Interface with generic parameter vs Interface with generic methods

白昼怎懂夜的黑 提交于 2019-11-28 18:37:27

Your generic method implementation has to be generic as well, so it has to be:

public class MyConcrete2 : IMyInterface2
{
    public T My<T>()
    {
        throw new NotImplementedException();
    }
}

Why you can't do My<string>() here? Because interface contract needs a method, that could be called with any type parameter T and you have to fulfill that contract.

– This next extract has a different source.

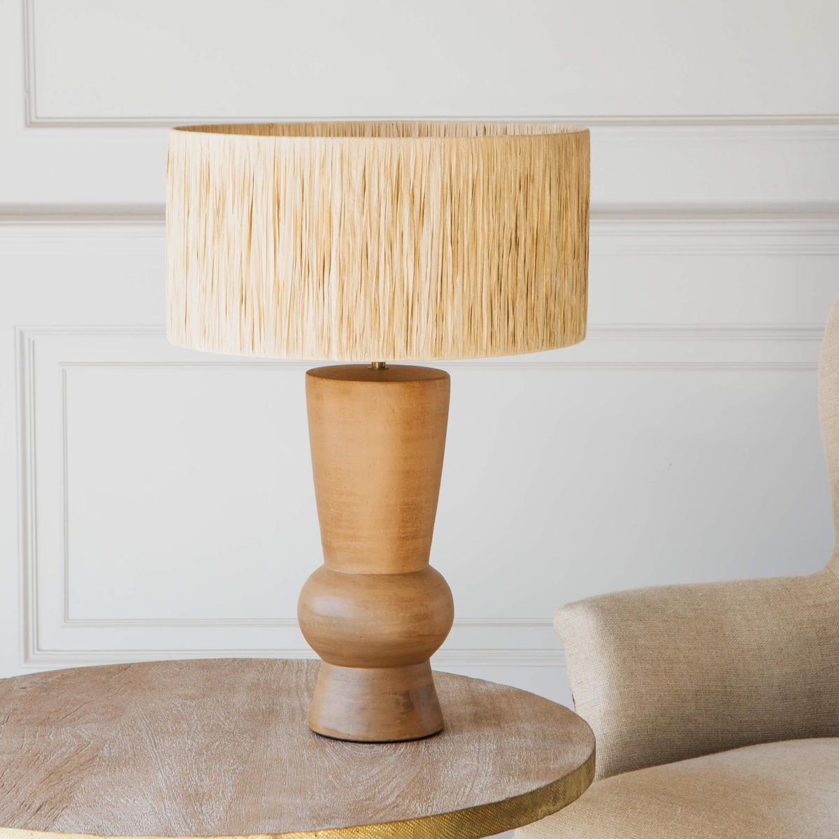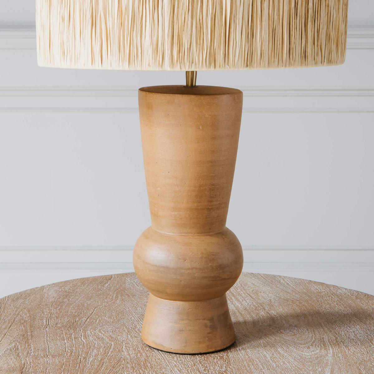 A sculptural terracotta table lamp. Pair with a natural raffia shade for stylish contemporary lighting.

Why you can't stop genericness in this point? Because it would cause situations like following:

Class declarations:

public interface IMyInterface2
{
    T My<T>(t value);
}

public class MyClass21 : IMyInterface2
{
    public string My<string>(string value) { return value; }
}

public class MyClass22 : IMyInterface2
{
    public int My<int>(int value) { return value; }
}

Usage:

var item1 = new MyClass21();
var item2 = new MyClass22();

// they both implement IMyInterface2, so we can put them into list
var list = new List<IMyInterface2>();
list.Add(item1);
list.Add(item2);

// iterate the list and call My method
foreach(IMyInterface2 item in list)
{
    // item is IMyInterface2, so we have My<T>() method. Choose T to be int and call with value 2:
    item.My<int>(2);

    // how would it work with item1, which has My<string> implemented?
}
Rakesh

when you write the Generic Method the Definition is for keeping the placeholder. Actual Type comes into picture when you call the method. so instead you should write

public T My<T>()
{
    throw new NotImplementedException();
}

and when you call the method you can use the string there.

Christoffer Mansfield

Because your interface declares a generic method T My<T>(), but you implementation does not implement a function with that specific signature.

To achieve what you want, you need to provide the T generic parameter to the interface instead, in your first example:

public interface IMyInterface2<T>
{
        T My();
}

public class MyConcrete2 : IMyInterface2<string>
{
    public string My()
    {
        throw new NotImplementedException();
    }
}

Your solution does not work for two reasons.

First, an interface is a contract. When you implement IMyInterface2 you guarantee that you will implement a function named My that takes a generic type parameter and returns that type. MyConcrete2 does not do this.

Second, C# generics do not allow any kind of type parameter specialization. (I do wish C# supported this.) This is a common thing in C++ templates where your example would compile, but any usages of MyConcrete2 would fail to compile if they don't call My with a string.